The Versatile Italian Street-Food Sandwich You Can Order With Meat Or Nutella

Imagine strolling along the narrow streets of an old town in Italy, admiring the architecture, and visiting quaint shops. All the walking and sightseeing make you hungry, so you opt for a quick meal of street food. You discover a shop selling tigelle sandwiches, filled with flavorful cured meat and cheese or creamy and rich Nutella.

What to pick: savory or sweet? Why not one of each? This Italian street food uses tigelle bread, which National Geographic compares to a mix of a pancake and an English muffin. Many people choose to eat the warm tigelle by itself because of its wonderful flavor and texture, which when slightly browned has a crispy exterior and a soft inside. Others opt to slice open the round bread and fill it with cheese, meat, or a sweet spread. This versatile sandwich has a rich history, enjoyed by residents for centuries but still not very well-known beyond Italy.

The foundation of the sandwich: tigelle bread

To appreciate a tigelle sandwich, first, you need to understand the bread. It originated in the Apennine Mountains, near Modena, Italy, according to National Geographic, at a time when farming families would bake the evening bread together over a fire. These families would bake balls of dough called crescentine in clay molds that were known as tigelle (per Art Viva). The tigelle molds would be hot when the dough was placed in them, and then they would be stacked on top of one another, which would make baking the bread even faster, according to National Geographic. After removing the bread from the molds, it would be divided and covered with a topping similar to pesto and cheese. 

Eventually, the bread became known simply as tigelle (but some people still refer to it as crescentine).
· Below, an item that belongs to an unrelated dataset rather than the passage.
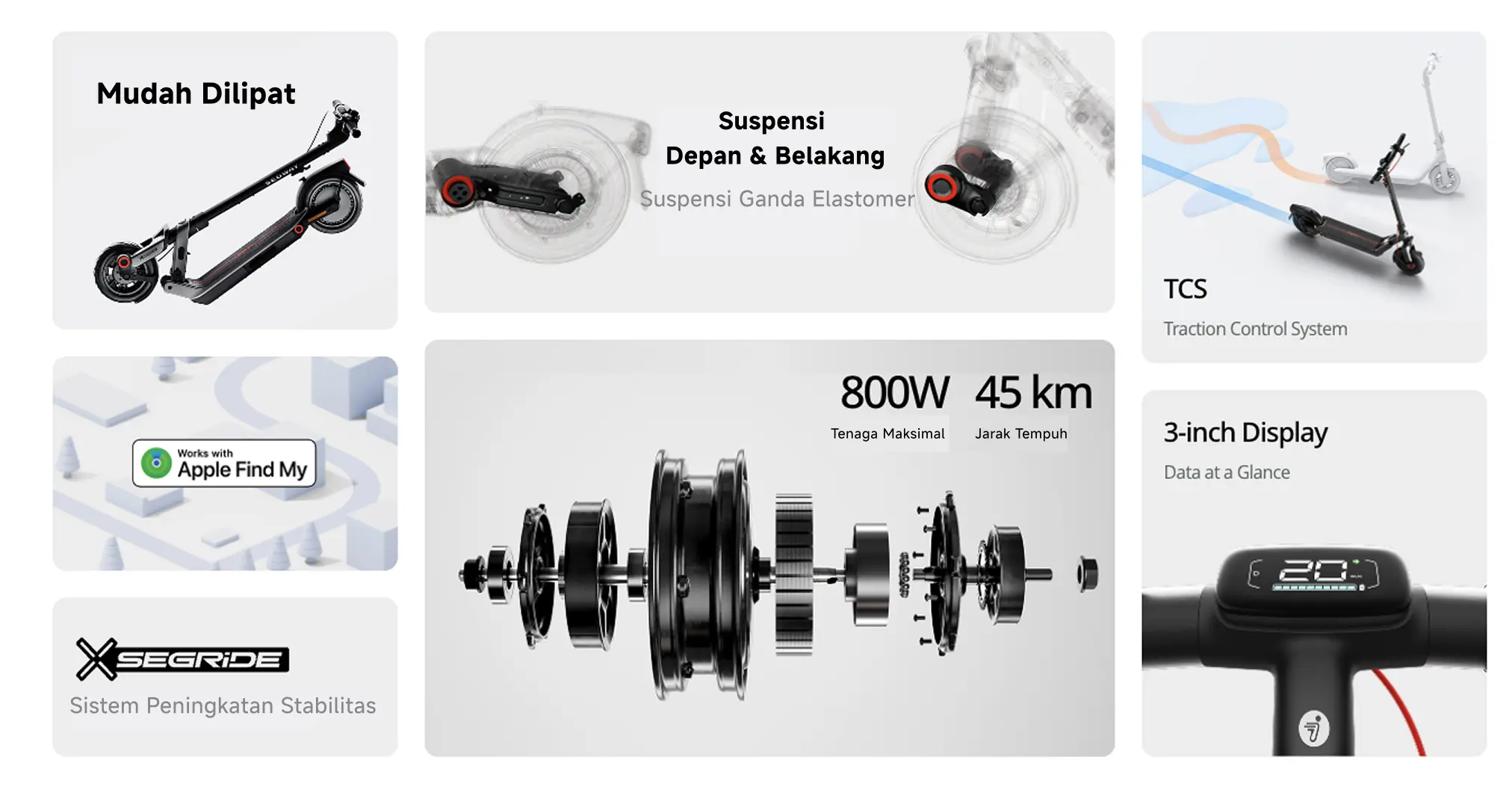[1] Jarak Tempuh (Mode Eco) Diuji dengan baterai penuh, beban 75 kg, suhu 25°C (77°F), dan kecepatan konstan 15 km/jam di permukaan jalan rata.
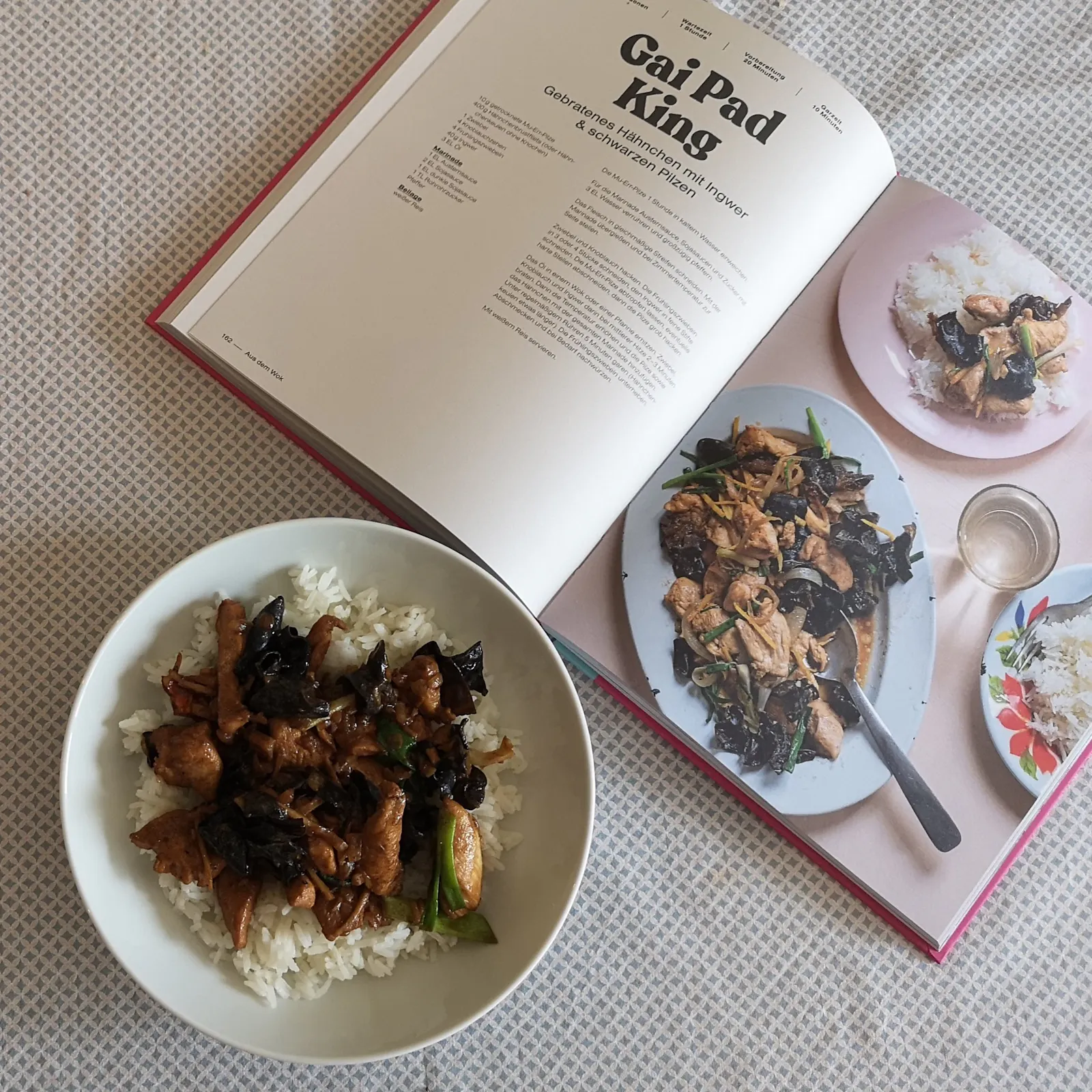 Nachgekocht: u.a. Grünes Curry mit Hähnchen (mit selbstgemachter Currypaste), Tom Yum Khrung (Suppe mit Garnelen & Zitronengras), Gai Pad King (Gebratenes Hähnchen mit Ingwer & schwarzen Pilzen)

The first time tigelle was written about was in the 13th century under the oversight of Emperor Frederick II, the Stupor Mundi, according to Philosokitchen. Tigelle is primarily a regional food in Italy, found in Emilia-Romagna. The cities of Bologna and Modena are located in Emilia-Romagna. After defeating the area, the ruler fell in love with the popular regional dish.

How to make tigelle bread

Long gone are the clay pots and open hearth used to make tigelle. Nowadays, the bread is made in iron or aluminum presses, which like the old clay molds, are often decorated with a symbol, such as a flower, so the design is pressed into the bread as it bakes, according to National Geographic. A recipe for tigelle from Silvio Cicchi calls for flour, cold water, milk, lard (which can be replaced with extra virgin olive oil), yeast, and salt. The lard and milk are used in order to keep the tigelle soft for days after it has been baked. However, American chef Nathan Anda prefers to use olive oil, which he said gave his tigelle the right texture for the sandwiches he wished to make, which included prosciutto and other toppings.

Once the dough has been kneaded, it will become elastic like pizza dough. The dough can be rolled out and then made into discs, as is done by Silvio Cicchi, or it can be placed on an electric tigelle press.

A stuffed sandwich

In addition to the bread being called tigelle, so is the popular Italian sandwich made with the bread. Great Italian Chefs says the bread is usually taken out of the pan, sliced open, and then stuffed right away with different fillings. These can be savory, such as cured meats or cheese, as well as something sweet like Nutella. Philosokitchen says some of the most commonly used cheeses for tigelle are giuncata, stracchino, and parmigiano reggiano. A popular spread for tigelle is pesto Modenese, which is made from lard, garlic, and rosemary.

Tigelle has proven to be versatile and can be made for dessert, as well, with fillings of chocolate hazelnut spread, mascarpone cream, or blueberry marmalade, per Philosokitchen. Great Italian Chefs' recipe sticks to the savory fillings and recommends meats such as salami and cheeses of a person's choosing. Sanpellegrino says you can't go wrong with stuffing tigelle with any cured meats or sausages, such as mortadella, salami, or ham. 

Whether you are in a sweet or savory mood, simple or complex, a tigelle sandwich can satisfy your appetite and taste buds.